Now it's time to have that Sunday Feeling on the eve of my department retreat, anxiously considering what tomorrow will hold, and all of the work that I must do between now and the start of the semester. Real posts will follow once I've recovered from my travels :)

Thursday, August 13, 2009

And.... She's Off!

Well, blog readers, I am off this morning for a long weekend in the great state of North Carolina, where I will have a long overdue visit with FL, my high school boyfriend whom I realize I met 20 years ago this past June, which means we are, indeed, old, and where I will celebrate my 35th birthday. Upon my return, the kickoff to the school year awaits, with lots of Hot Topics to discuss at the first meeting of my department, and really, the school year gets underway.

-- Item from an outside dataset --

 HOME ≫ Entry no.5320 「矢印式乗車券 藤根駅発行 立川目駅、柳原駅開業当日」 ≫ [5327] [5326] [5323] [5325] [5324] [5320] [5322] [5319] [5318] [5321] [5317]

I'm not ready, for the semester to start, but I think it's grand I'm taking off on vacation anyway.

Monday, August 10, 2009

A Thing about Students and Gender

My friendship with BES has made me privy to all sorts of intrigues and details that I never would have known had we not become friends. Nothing untoward or that I shouldn't know about current students of mine, but interesting stuff nonetheless. I thought of this particular one as I read the comment thread to Historiann's current post, though it's totally a tangent and not actually related to what Historiann was writing about or what her readers commented. See, when BES and I were hanging out a while back, she noted that she'd taken a class in which she absolutely hated one of her classmates. As we were talking about it, I realized that I thought I knew who she was talking about. So I asked her, and she confirmed it: the Hated Classmate was my student, much in the way that BES became my student. (He was about a year ahead of her, so they never had a class with me together.) When it became clear that my Favorite Student from the Time before BES was the nemesis of BES, I was surprised. I'd always thought that the students who entered into the Circle of Crazy's Influence would just naturally get along. I mean, they are the best and the brightest and the coolest, after all - how could they not?

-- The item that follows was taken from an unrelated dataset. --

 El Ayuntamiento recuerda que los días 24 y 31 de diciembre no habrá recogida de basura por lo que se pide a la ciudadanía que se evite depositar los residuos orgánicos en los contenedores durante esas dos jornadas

But what became apparent to me from BES's narrative was that this is not the case. And actually, some other intel that I gathered from her about another student confirmed that it's not the case. See, while it's true that students who are my students do often bond in response to their experiences with me, it's also true that they often end up in hyper-competitive relationships with one another, particularly when the students involved are divided by gender. In other words, my female student superstars tend to collect themselves into supportive and productive collectives, in which they like one another, read each others' drafts, and generally gain a lot through their interaction. When my male student superstars enter the mix, apparently it doesn't work in the same way. They either pester my female students with untoward advances (or wax poetic about crushes on me - as IF!) or they compete with the female students and deride them, acting as if the female students aren't really their equals. As you might imagine, this pisses my female students off. And rightly so, I might add.

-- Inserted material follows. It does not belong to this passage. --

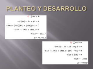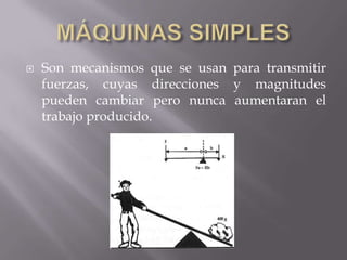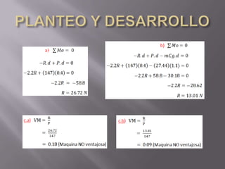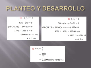 Este documento presenta información sobre palancas, incluyendo definiciones, tipos de palancas, y ejemplos de cálculos mecánicos relacionados a palancas. Explica que una palanca es una barra rígida que gira alrededor de un punto fijo, y define la ventaja mecánica en términos de las distancias entre el punto de apoyo y los puntos donde se aplican las fuerzas. Además, provee ejemplos numéricos para calcular fuerzas, distancias y ventajas mecánicas en

I wonder at the fact that I didn't recognize this dynamic on my own - that I needed to hear it from BES before I saw it. To some extent, I believe that my cluelessness comes from my own socialization through graduate school. When I was an undergraduate, I think I responded in much the way my female undergraduates now respond to this shit. In very real ways, I became inured in graduate school to the whole cock-blocking, pissing contest dynamic of my interactions with my male peers, and I came to the point where I decided that I'd rather find a way to engage with those cock-blocking, pissing contest dudes, because they were wicked smart, than to hate them for their lame ways. I think this may be why I don't see it when my male students do the same stuff - I see it as par for the course with teh boyz, now, because I'm jaded and cynical. The problem is, my female students haven't gone through the gauntlet that I went through in grad school. They don't see it as dumb boy behavior: they see it as hostile and awful and sexist. (And, seriously, it is hostile and awful and sexist. I just found a way to deal with it, because I had to or I would have collapsed under the weight of trying to reject it.)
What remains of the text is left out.